> [INSTRUCTIONS FOR THE TASK]: Could you set down the listing below exactly and omit its images?

> [DATA EXCERPT]:
━━━━━━━━━━━━━━━━━━━━

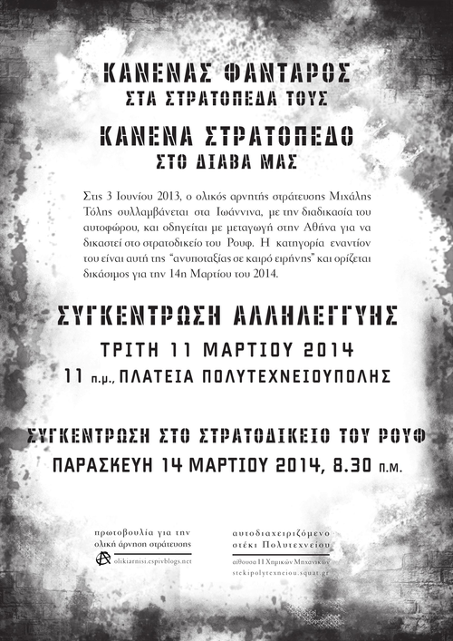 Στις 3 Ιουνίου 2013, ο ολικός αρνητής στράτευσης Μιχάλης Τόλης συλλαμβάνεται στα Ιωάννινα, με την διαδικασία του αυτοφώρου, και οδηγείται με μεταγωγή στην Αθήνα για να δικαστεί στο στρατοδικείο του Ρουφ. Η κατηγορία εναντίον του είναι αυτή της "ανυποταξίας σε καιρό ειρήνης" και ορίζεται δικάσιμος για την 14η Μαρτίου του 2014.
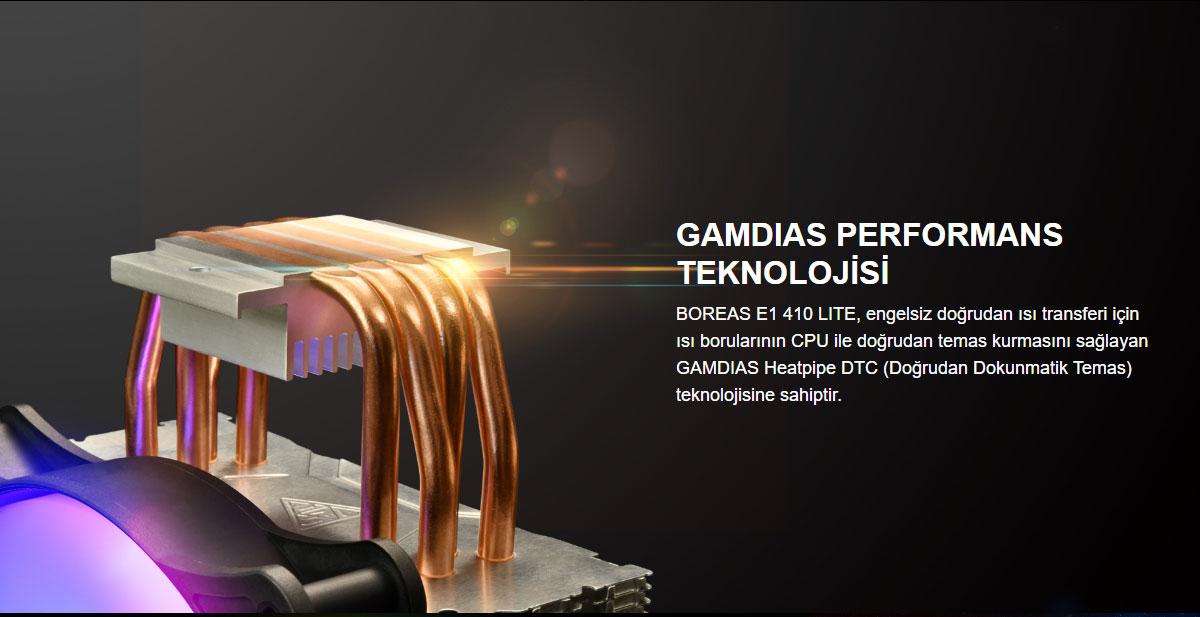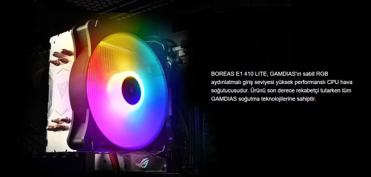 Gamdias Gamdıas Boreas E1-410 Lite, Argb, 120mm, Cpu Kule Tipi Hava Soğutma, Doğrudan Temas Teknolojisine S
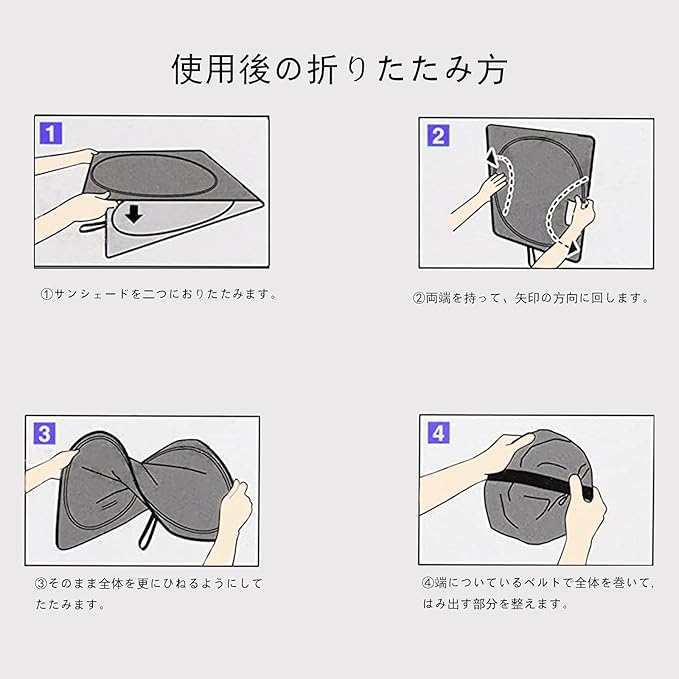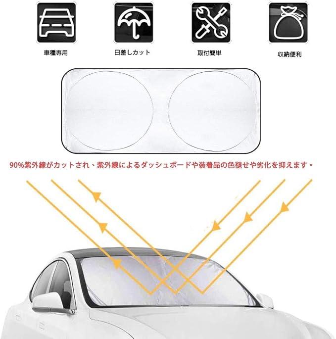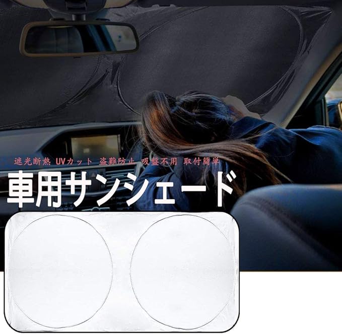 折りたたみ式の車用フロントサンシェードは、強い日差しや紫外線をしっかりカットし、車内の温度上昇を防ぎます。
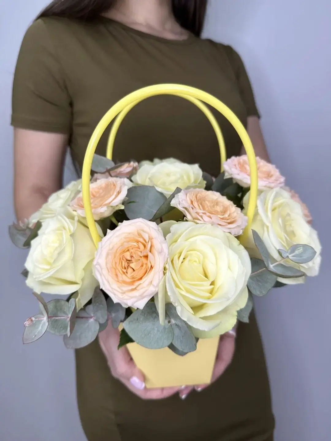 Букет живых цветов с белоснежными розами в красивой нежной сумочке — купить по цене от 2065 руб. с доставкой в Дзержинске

━━━━━━━━━━━━━━━━━━━━

> [WRITTEN ANSWER]:
 Στις 3 Ιουνίου 2013, ο ολικός αρνητής στράτευσης Μιχάλης Τόλης συλλαμβάνεται στα Ιωάννινα, με την διαδικασία του αυτοφώρου, και οδηγείται με μεταγωγή στην Αθήνα για να δικαστεί στο στρατοδικείο του Ρουφ. Η κατηγορία εναντίον του είναι αυτή της "ανυποταξίας σε καιρό ειρήνης" και ορίζεται δικάσιμος για την 14η Μαρτίου του 2014.
 Gamdias Gamdıas Boreas E1-410 Lite, Argb, 120mm, Cpu Kule Tipi Hava Soğutma, Doğrudan Temas Teknolojisine S
 折りたたみ式の車用フロントサンシェードは、強い日差しや紫外線をしっかりカットし、車内の温度上昇を防ぎます。
 Букет живых цветов с белоснежными розами в красивой нежной сумочке — купить по цене от 2065 руб. с доставкой в Дзержинске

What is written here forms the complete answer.